Frontier Country focuses primarily on the story of Pennsylvania. It tracks the emergence of frontiers within a once peaceful colony and shows that the appearance of frontiers created governing crisis that was only resolved with the American Revolution.
Pennsylvania’s long history of peace made it a perfect case study for the way frontiers were perceived in the eighteenth century. Before the Seven Years’ War, few Pennsylvanians spoke of frontiers, while other colonies bore the brunt of imperial wars. The Seven Years’ War brought frontiers to the colony’s geopolitical landscape, and the crisis that followed that war centered on a debate over whether the government should still treat certain areas as militarized zones.
Pennsylvania as a Test Case
The video and maps below depict this transformation.

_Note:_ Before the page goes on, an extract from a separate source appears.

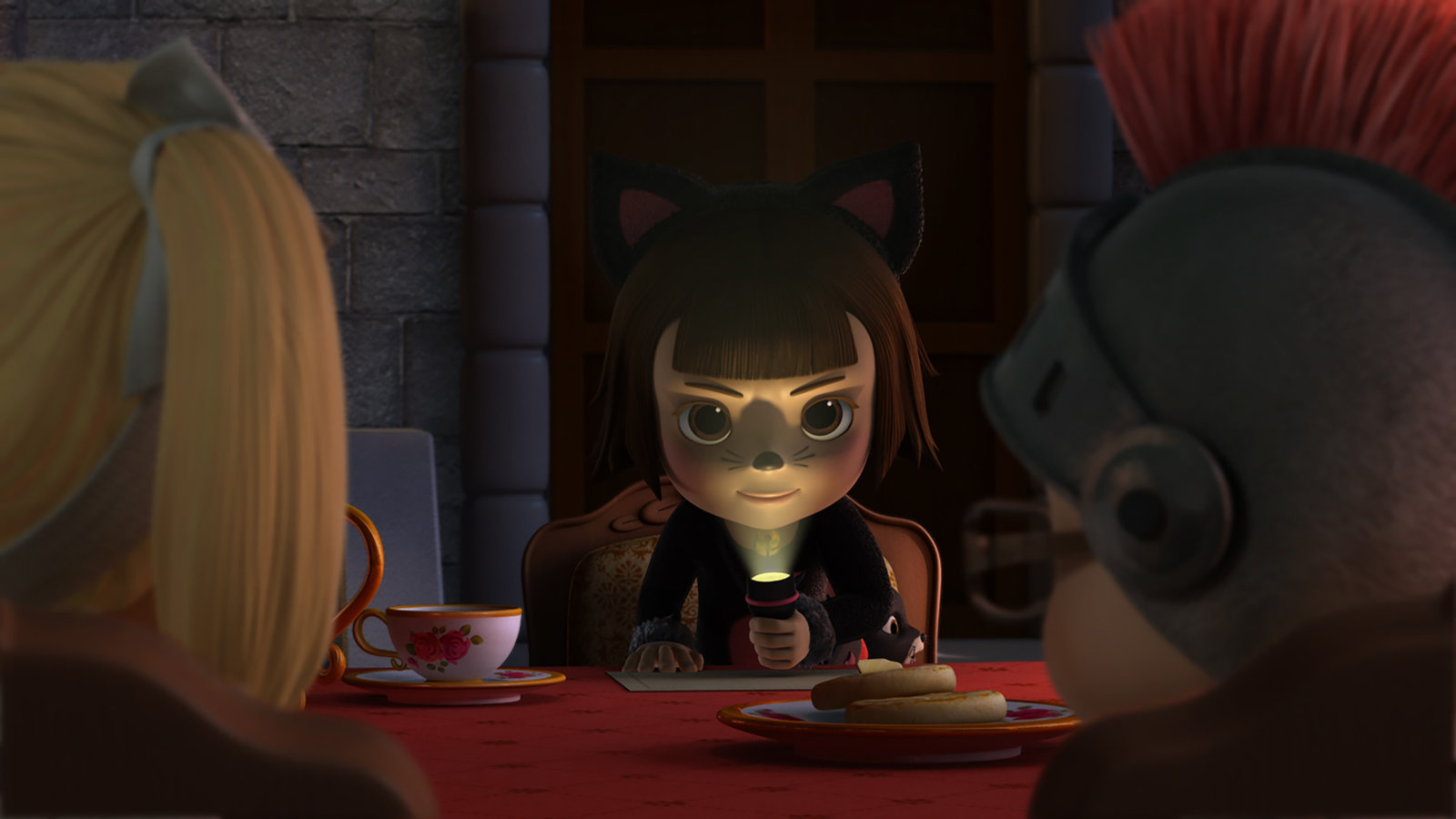 Fliegende RiesentorteBrigita erzählt ihren Freunden Gruselgeschichten.Bild: © KiKA/FunnyFlux/QianQi/EBS/CJ E&M

This animated video shows the virtual absence of “frontiers” from the colonial records until the Seven Years’ War. The war brought about a dramatic increase in the use of the term, demonstrating that Pennsylvania had become what one contemporary called “a frontier country.” While the use of “frontiers” dropped after the war, spikes coincide with either conflicts or warfare. Notably, the video ends in 1774, when Virginians launched an offensive war against the Shawnees near Fort Pitt and invaded Pennsylvania, an often-overlooked but significant event in colonial history. Spero covers Dunmore’s War, as this conflict was known, in great detail in Frontier Country.